X = df.drop(columns = target)
y = df[target]
cutoff = int(len(df) * 0.8)
X_train, X_test, y_train, y_test = X.iloc[:cutoff], X.iloc[cutoff:], y.iloc[:cutoff], y.iloc[cutoff:]
There is a column "family" with categorical data, so let's convert it into a numeric format using one-hot encoding. This will create binary columns for each category, allowing the model to work with numeric data.
# initiating one-hot encoding to X_train
X_train_encoding = pd.get_dummies(X_train, columns = ["family"])
# initiating one-hot encoding to X_test data
X_test_encoding = pd.get_dummies(X_test, columns = ["family"])
# initiating one-hot encoding to test data
test_encoding = pd.get_dummies(test_data, columns = ["family"])
It's time to celebrate! We're at the moment to train our first model, RandomForestRegressor. This ensemble model combines the results of multiple decision trees to improve accuracy and reduce overfitting.
# Now it's time to train our RandomForestRegressor model
model = RandomForestRegressor(random_state = 42)
model.fit(X_train_encoding, y_train)
Now, that our model is trained. Let's predict our X_test
# Predicting the model
y_predict = model.predict(X_test_encoding)
Now that we have our predictions, let's analyze the model's performance.
Here we will use "Root Mean Squared Logarithmic Error (RMSLE)" to evaluate accuracy, which calculates the square root of the average of the squared differences between the logarithms of the predicted and actual values.
# How good is our model? test using RMSLE
def rmsle(y_test, y_pred):
return np.sqrt(mean_squared_error(np.log1p(y_test), np.log1p(y_pred)))
rmsle_value = rmsle(y_test.reset_index().drop(columns="index", y_predict))
print(f"RMSLE value is: {rmsle_value}")
output:
RMSLE value is: 0.8924370427620725
What do you think about the result? For the model to be a good fit, both values should be lower.
Since this is our first model, it serves as the baseline. Now, we can explore other models to further reduce these values and improve the fit, right?

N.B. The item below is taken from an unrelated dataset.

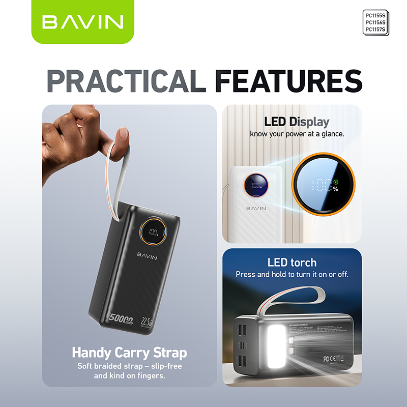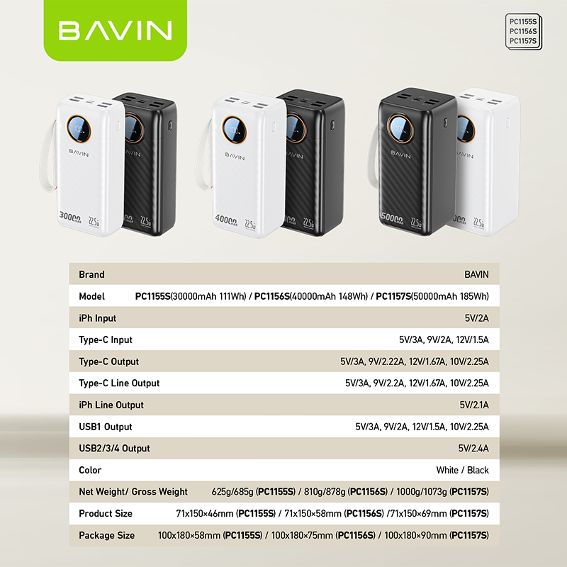 BAVIN 50000mAh Powerbank 2.1A Output w/4 USB Output Type-C for In/Output Digital Power Indicator

# Put predicted values in dataframe
y_predict_df = pd.DataFrame(y_predict, index=y_test.index, columns = ["Sales"])
y_predict_df.head()
output:
Our initial model performs well as a baseline, but it is too early to evaluate it using the test data. Instead, we should explore other models to further improve the current model's metrics.
However, as part of the learning process, we will proceed to predict the test data using the current RandomForestRegressor model.
# Predicting the test dataset
y_predict_test = model.predict(test_encoding)
# Put predicted values of test set in the data frame
y_predict_test_df = pd.DataFrame(y_predict_test, index=test_encoding.index, columns=["Sales"])
y_predict_test_df.head()
output:
You now have the skills to clean data, apply the RandomForestRegressor, and make predictions on a test set. You can explore similar datasets on Kaggle and use the same model to make predictions. Additionally, Kaggle offers a great opportunity to deepen your knowledge of machine learning.